[What is being asked]:
Print only the lines below from the one with "Волонтёры, работающие в" to the one with "Obverse lettering |", both included, exactly as they stand. Leave pictures out.

===============

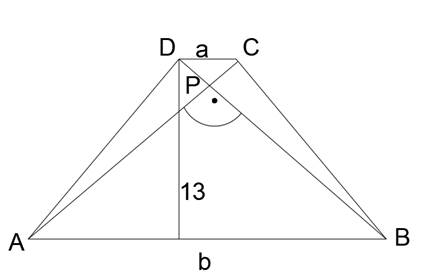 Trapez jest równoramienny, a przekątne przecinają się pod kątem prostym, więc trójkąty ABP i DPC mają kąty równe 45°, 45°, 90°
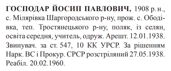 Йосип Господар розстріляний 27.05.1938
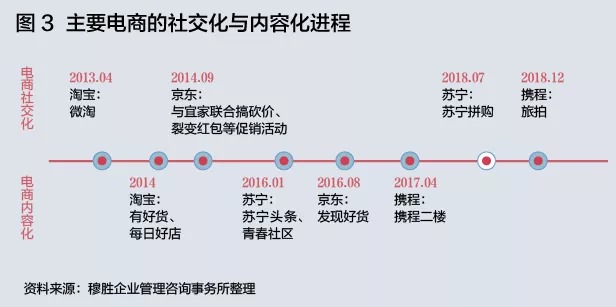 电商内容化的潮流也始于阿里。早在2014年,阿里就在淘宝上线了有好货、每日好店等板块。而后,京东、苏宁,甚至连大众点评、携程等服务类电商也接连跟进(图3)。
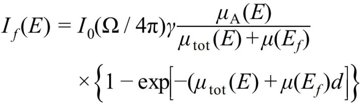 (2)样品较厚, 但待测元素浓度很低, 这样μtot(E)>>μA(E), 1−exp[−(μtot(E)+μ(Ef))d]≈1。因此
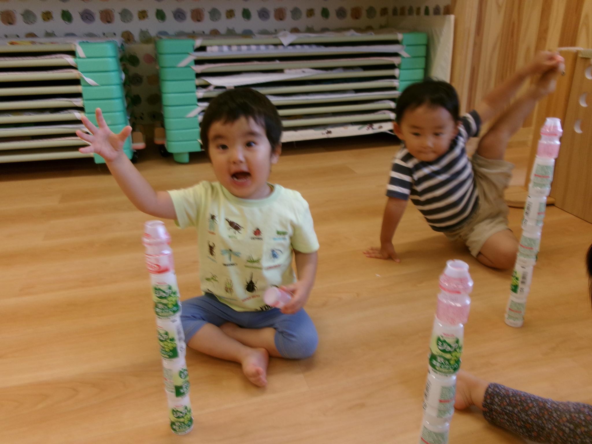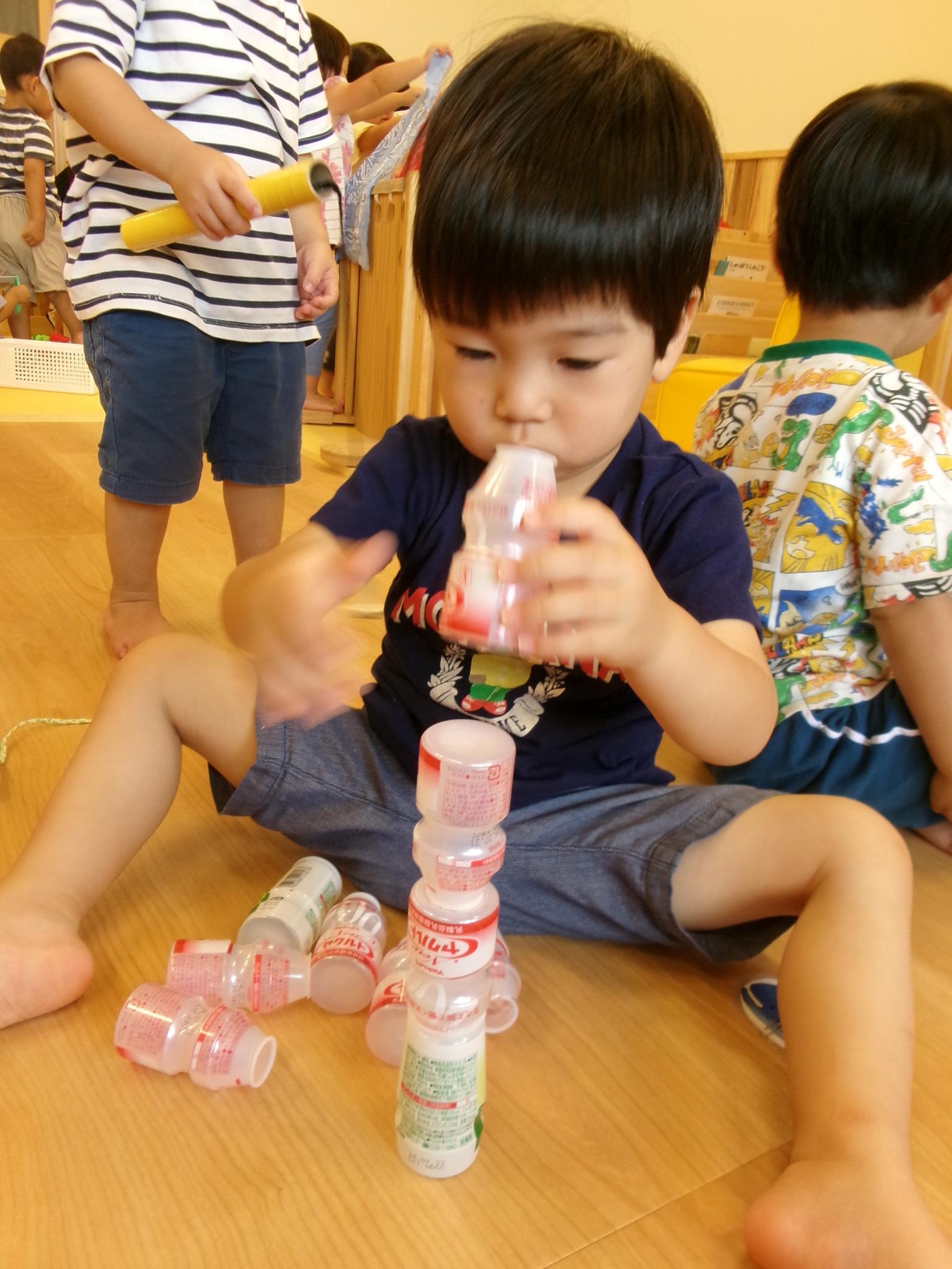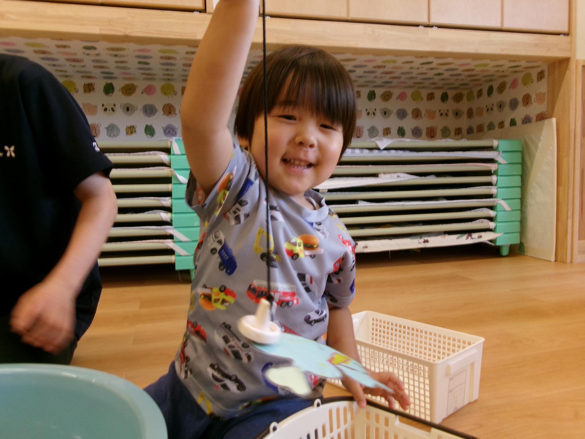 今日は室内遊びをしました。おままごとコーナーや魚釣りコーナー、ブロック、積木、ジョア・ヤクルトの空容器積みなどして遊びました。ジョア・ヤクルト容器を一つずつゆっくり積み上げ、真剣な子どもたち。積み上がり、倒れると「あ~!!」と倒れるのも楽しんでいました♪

===============

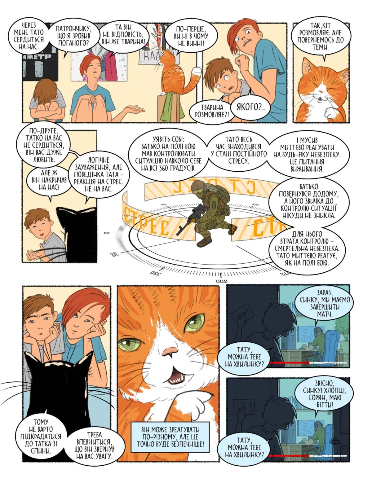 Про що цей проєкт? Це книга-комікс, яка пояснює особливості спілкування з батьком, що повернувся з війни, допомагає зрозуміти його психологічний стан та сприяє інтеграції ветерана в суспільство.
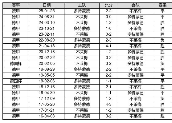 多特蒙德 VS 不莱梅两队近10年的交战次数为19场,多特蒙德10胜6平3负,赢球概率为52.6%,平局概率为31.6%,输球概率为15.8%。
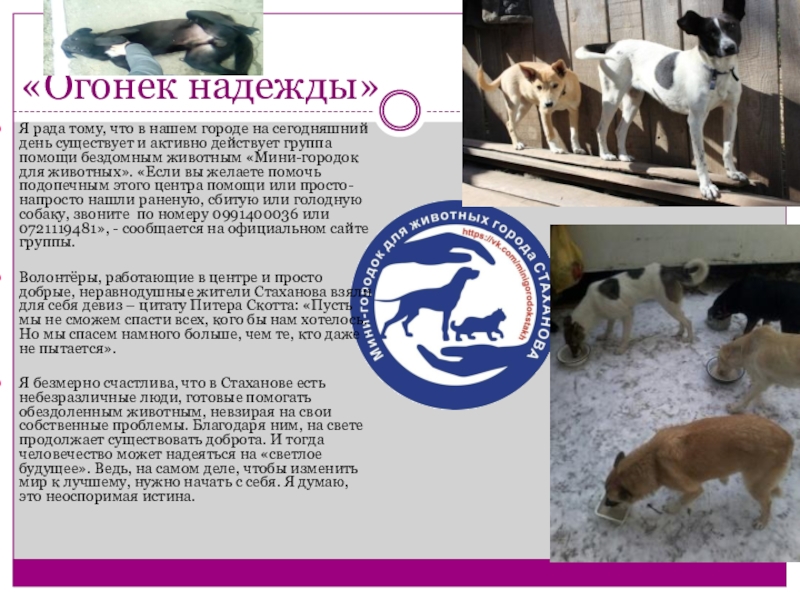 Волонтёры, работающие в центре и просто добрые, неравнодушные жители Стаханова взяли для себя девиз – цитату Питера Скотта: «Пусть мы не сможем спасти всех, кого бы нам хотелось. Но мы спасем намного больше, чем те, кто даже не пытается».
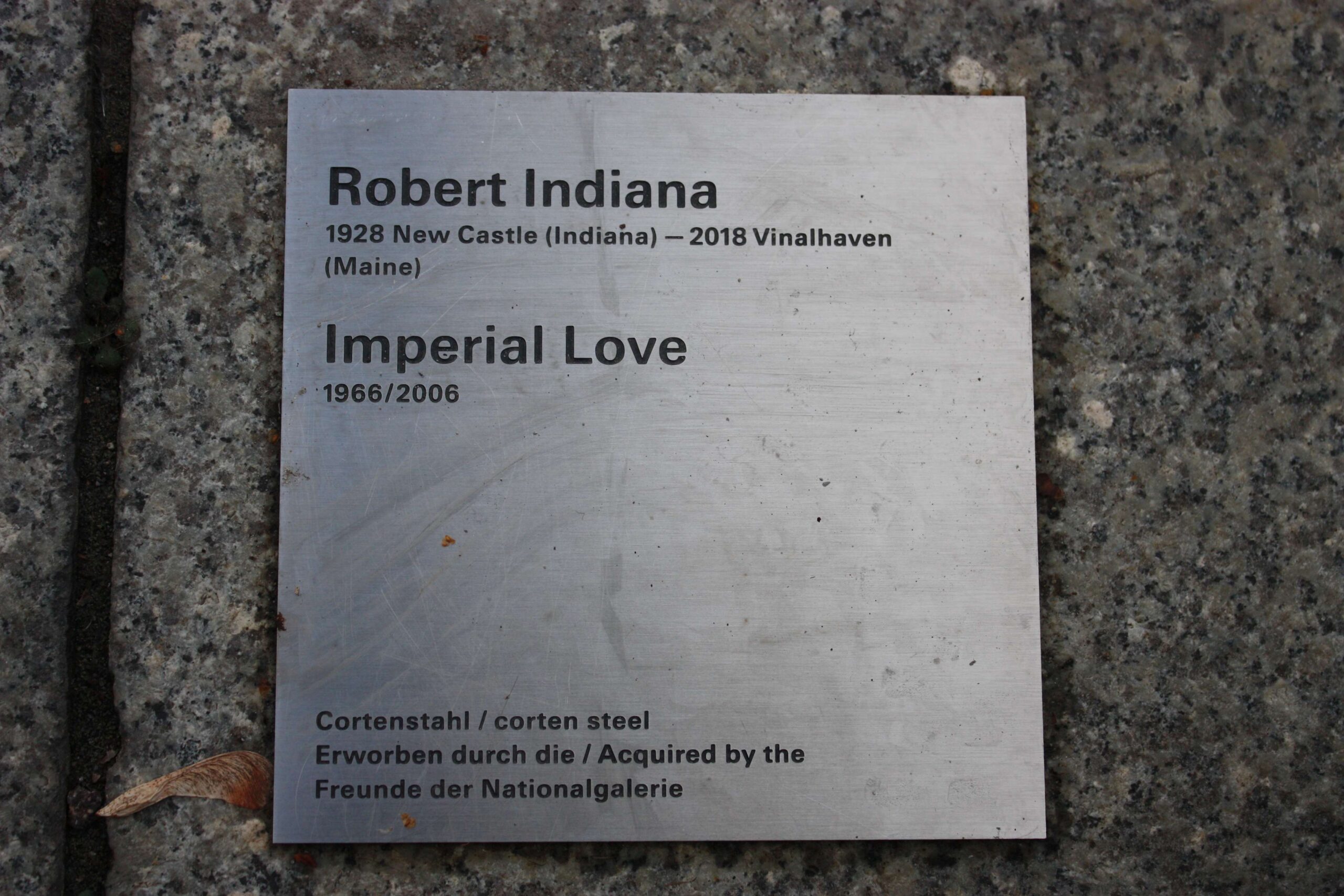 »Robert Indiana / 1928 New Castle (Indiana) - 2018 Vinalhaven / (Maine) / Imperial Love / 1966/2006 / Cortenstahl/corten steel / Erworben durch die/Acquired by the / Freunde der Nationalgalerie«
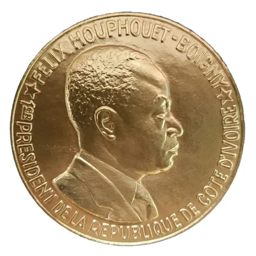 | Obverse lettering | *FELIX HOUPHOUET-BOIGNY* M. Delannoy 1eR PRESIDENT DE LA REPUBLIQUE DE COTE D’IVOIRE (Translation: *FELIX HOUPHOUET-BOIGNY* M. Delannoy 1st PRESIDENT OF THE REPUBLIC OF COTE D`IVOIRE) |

===============

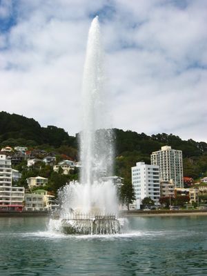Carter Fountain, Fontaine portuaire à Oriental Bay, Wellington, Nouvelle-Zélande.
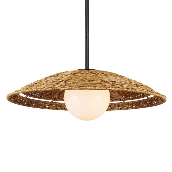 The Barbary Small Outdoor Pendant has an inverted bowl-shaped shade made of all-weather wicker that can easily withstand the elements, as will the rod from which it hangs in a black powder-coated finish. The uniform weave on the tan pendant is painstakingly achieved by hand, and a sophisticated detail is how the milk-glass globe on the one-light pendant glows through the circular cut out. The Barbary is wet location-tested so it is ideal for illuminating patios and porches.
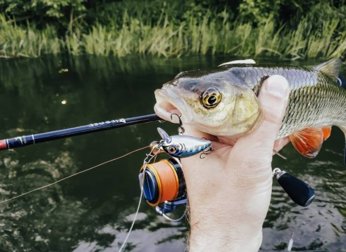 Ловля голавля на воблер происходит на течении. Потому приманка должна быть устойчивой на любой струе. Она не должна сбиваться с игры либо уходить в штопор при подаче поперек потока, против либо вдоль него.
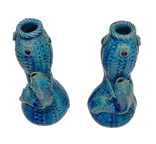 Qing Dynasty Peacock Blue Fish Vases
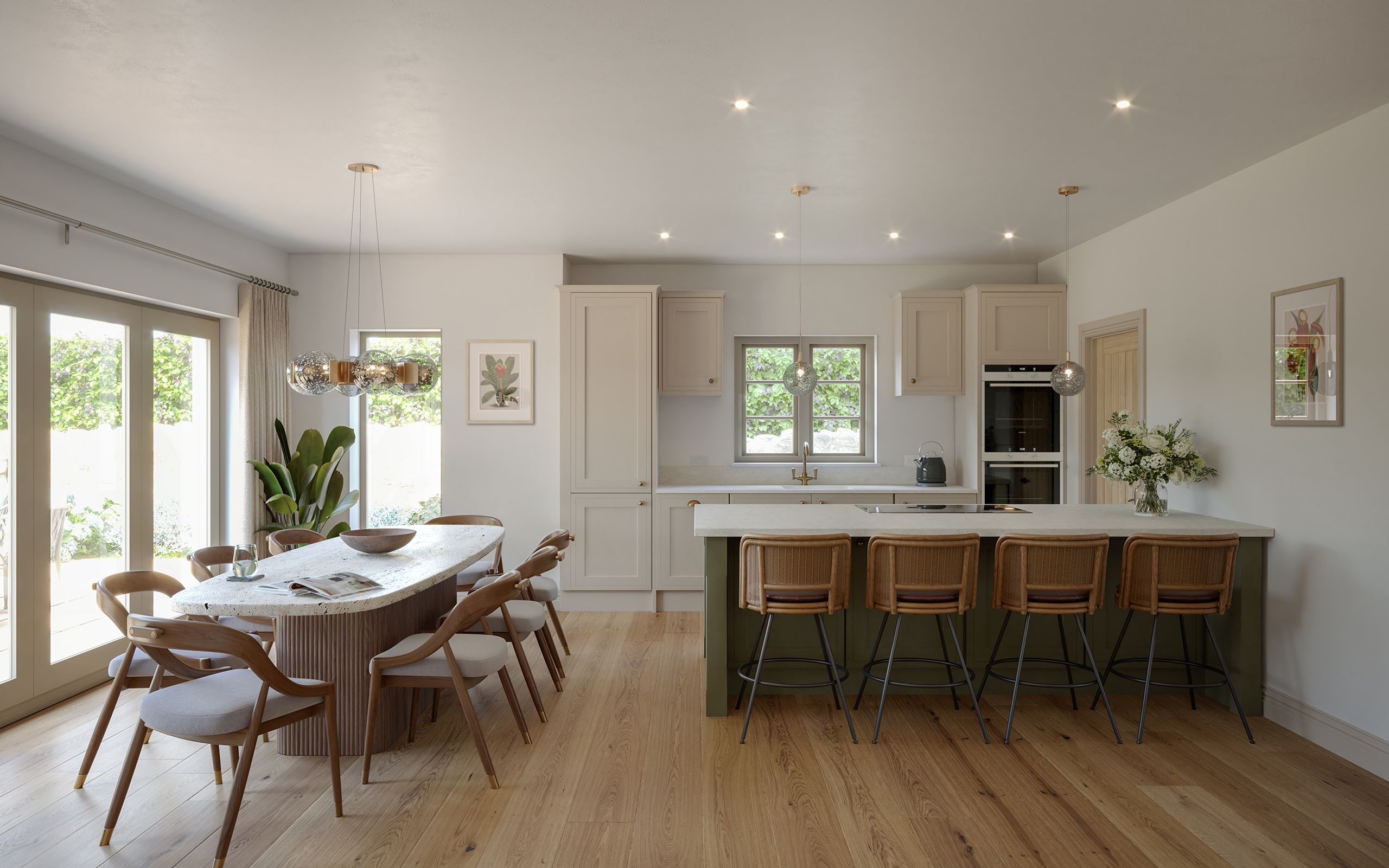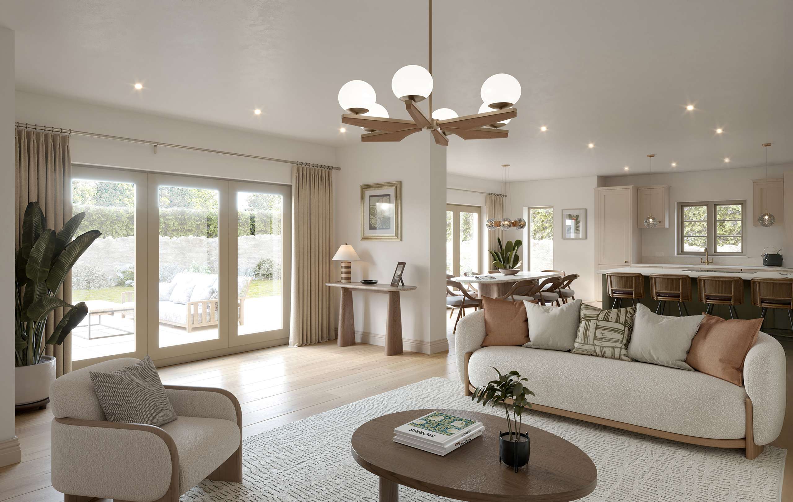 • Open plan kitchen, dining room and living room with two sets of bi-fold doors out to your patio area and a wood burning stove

===============

[Response]:
 Волонтёры, работающие в центре и просто добрые, неравнодушные жители Стаханова взяли для себя девиз – цитату Питера Скотта: «Пусть мы не сможем спасти всех, кого бы нам хотелось. Но мы спасем намного больше, чем те, кто даже не пытается».
 »Robert Indiana / 1928 New Castle (Indiana) - 2018 Vinalhaven / (Maine) / Imperial Love / 1966/2006 / Cortenstahl/corten steel / Erworben durch die/Acquired by the / Freunde der Nationalgalerie«
 | Obverse lettering | *FELIX HOUPHOUET-BOIGNY* M. Delannoy 1eR PRESIDENT DE LA REPUBLIQUE DE COTE D’IVOIRE (Translation: *FELIX HOUPHOUET-BOIGNY* M. Delannoy 1st PRESIDENT OF THE REPUBLIC OF COTE D`IVOIRE) |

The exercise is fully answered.